Exercise objective: Set down, please, exactly the lines below that run from the line with "81,5% main ultra-sonographic" to the line with "Молодой взрослый чернокожий", both lines included.

Listed records:
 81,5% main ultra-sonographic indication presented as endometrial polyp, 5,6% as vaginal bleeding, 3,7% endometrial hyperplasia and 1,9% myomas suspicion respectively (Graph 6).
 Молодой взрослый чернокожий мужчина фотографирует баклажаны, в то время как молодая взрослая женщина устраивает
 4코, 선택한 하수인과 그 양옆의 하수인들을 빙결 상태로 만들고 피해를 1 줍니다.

...

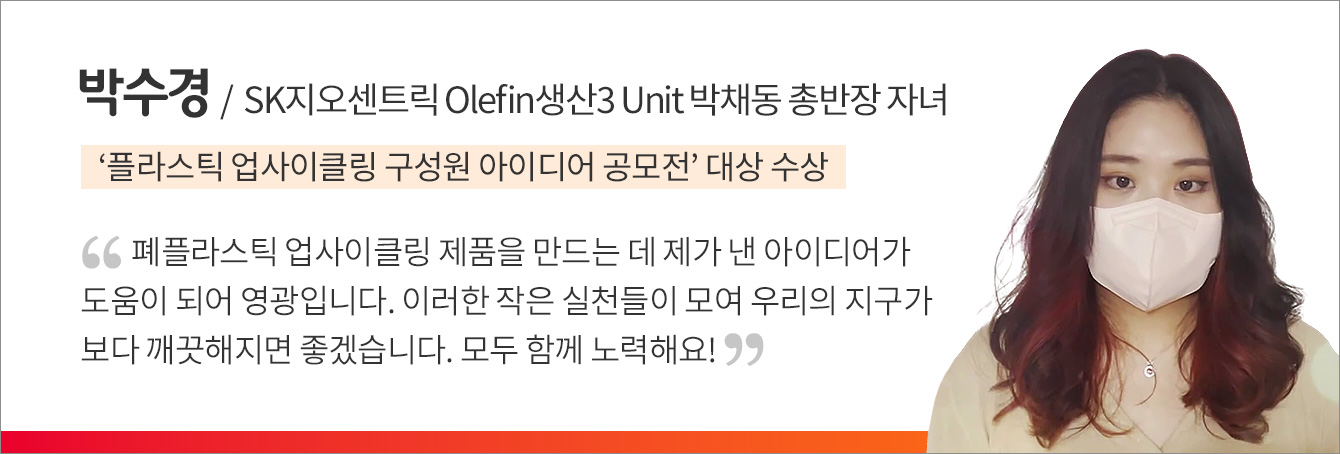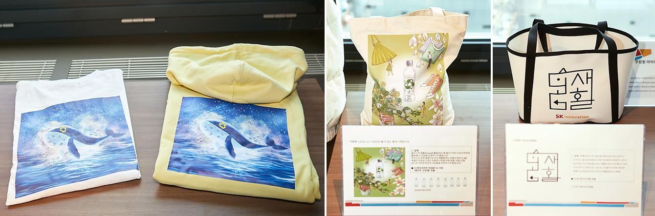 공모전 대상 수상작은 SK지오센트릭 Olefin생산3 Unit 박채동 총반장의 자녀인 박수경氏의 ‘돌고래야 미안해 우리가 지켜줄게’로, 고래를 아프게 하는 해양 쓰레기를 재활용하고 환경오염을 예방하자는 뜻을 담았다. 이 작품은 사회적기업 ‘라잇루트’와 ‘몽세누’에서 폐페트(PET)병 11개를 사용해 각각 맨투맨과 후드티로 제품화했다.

Output for this exercise:
 81,5% main ultra-sonographic indication presented as endometrial polyp, 5,6% as vaginal bleeding, 3,7% endometrial hyperplasia and 1,9% myomas suspicion respectively (Graph 6).
 Молодой взрослый чернокожий мужчина фотографирует баклажаны, в то время как молодая взрослая женщина устраивает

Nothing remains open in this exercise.